2.2.4. Pressure-induced hydraulic conductivity

The system used to measure the volumetric flux rate (Jv) and hydraulic conductivity (Lp) has been described previously [13]. Briefly, Snapwell filters (1.12 cm², 0.4 μm pore size) supporting confluent monolayers of RLMVEC were inserted into custom permeability chambers. To measure Lp, the inflow port of the cell culture chamber was connected by silastic tubing to a pressure manifold filled with phenol red-free DMEM [with 25 mM HEPES, 1% BSA (Proliant, Ankeny, IA), and 0.1% penicillin/streptomycin at pH 7.4, hereafter denoted media II]. Fluid flow was tracked by the location of an air bubble as it passes through an 18 cm length of clear borosilicate capillary tubing (Wilmad Glass, Buena, NJ) with an internal diameter of 1.9913 ± 0.0004 mm. A digital video camera was mounted above the tubing and streamed continuous digital images of the capillary tubes and air bubbles to the virtual instrument written in LabView (National Instruments, Austin, TX). Cell monolayers were allowed to equilibrate for 1 h under a hydrostatic pressure of 1 cm H₂O in media II. For experiments involving L-NAME, cells were incubated at 37 °C for 1 h prior to experiment with 10 μM L-NAME and the NO blocker was present in media for the duration of the experiment. For polymer-treated experimental groups, after the 1 h equilibration period, a solution of 20P(TMA)Cl (1 mg/mL) in media II was added to the luminal cell chamber and the pressure was increased to 10 cm H₂O. After 30 min, polymer was washed from cells with a 6-fold volume of media II and the experiment was allowed to proceed under 10 cm H₂O pressure for another half hour. The water pressure was subsequently increased by 10 cm H₂O every hour; Lp data were constitutively collected every 5 s. At the end of the experiment, Snapwells were removed from permeability chambers and monolayers were fixed in formalin and stained with Ladd Multiple Stain (Ladd Research, Williston, VT) to confirm monolayer integrity. An aliquot (500 μL) of the media above the cells was collected, centrifuged and frozen for later analysis.

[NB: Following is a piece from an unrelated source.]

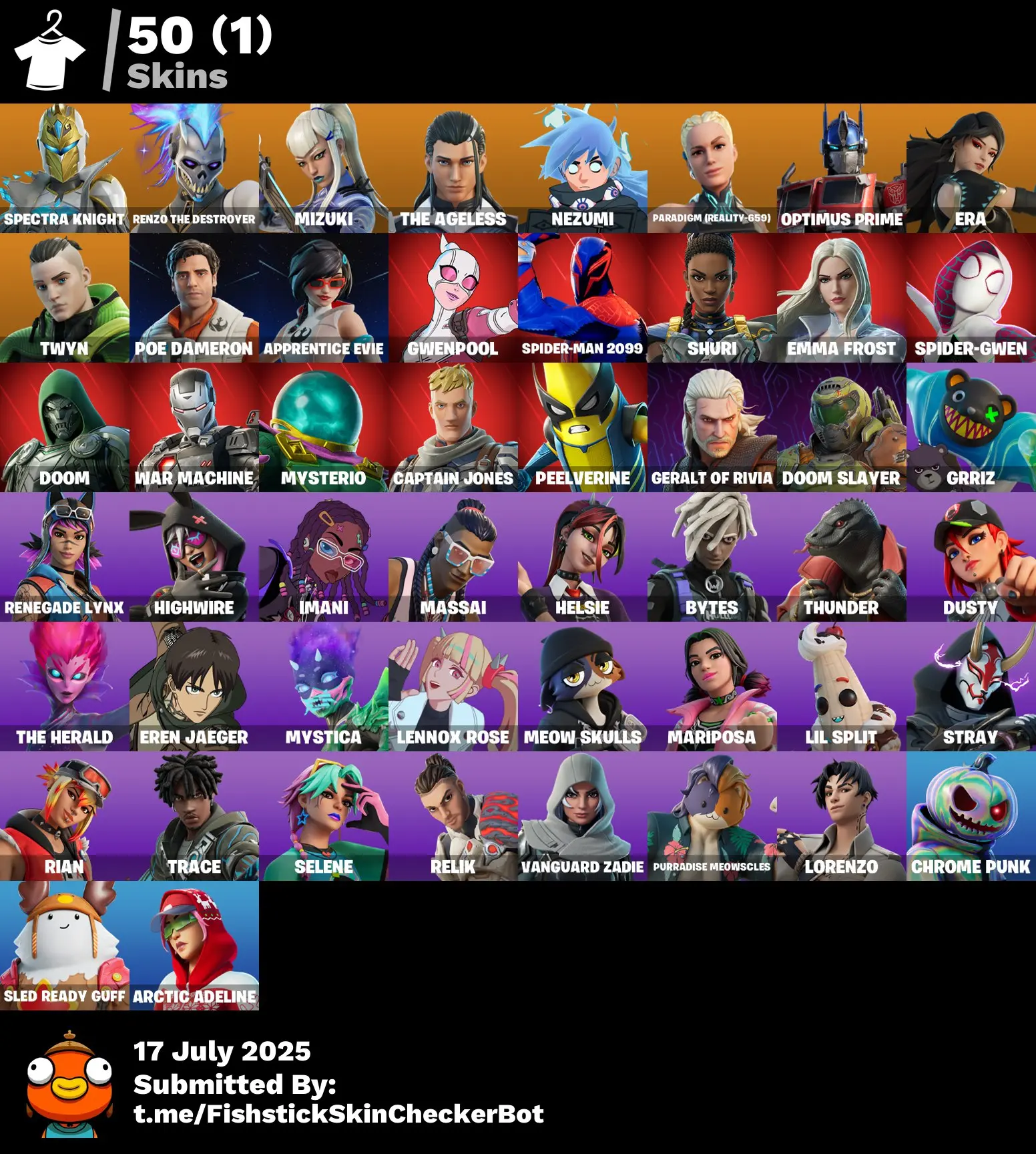 🦋 50 Skins [PC/PSN/XBOX] 🛡️ Spectra Knight 💥 Renzo the Destroyer 🌊 Mizuki 👑 The Ageless 🌙 Nezumi 💠 Paradigm 🤖 Optimus Prime 🪄 FTN110

2.2.5. Nitric oxide detection

The nitric oxide content was evaluated using an NO Quantification Kit (Active Motif, Carlsbad, CA). Nitrates in the sample were reduced to nitrites using nitrate reductase and the Greiss reaction was utilized to colorimetrically visualize nitric oxide products in the samples. Assays were performed in triplicate and evaluated using a microplate reader (Tecan, Mannedorf, Switzerland) at absorbance wavelength 540 nm with reference wavelength 612 nm.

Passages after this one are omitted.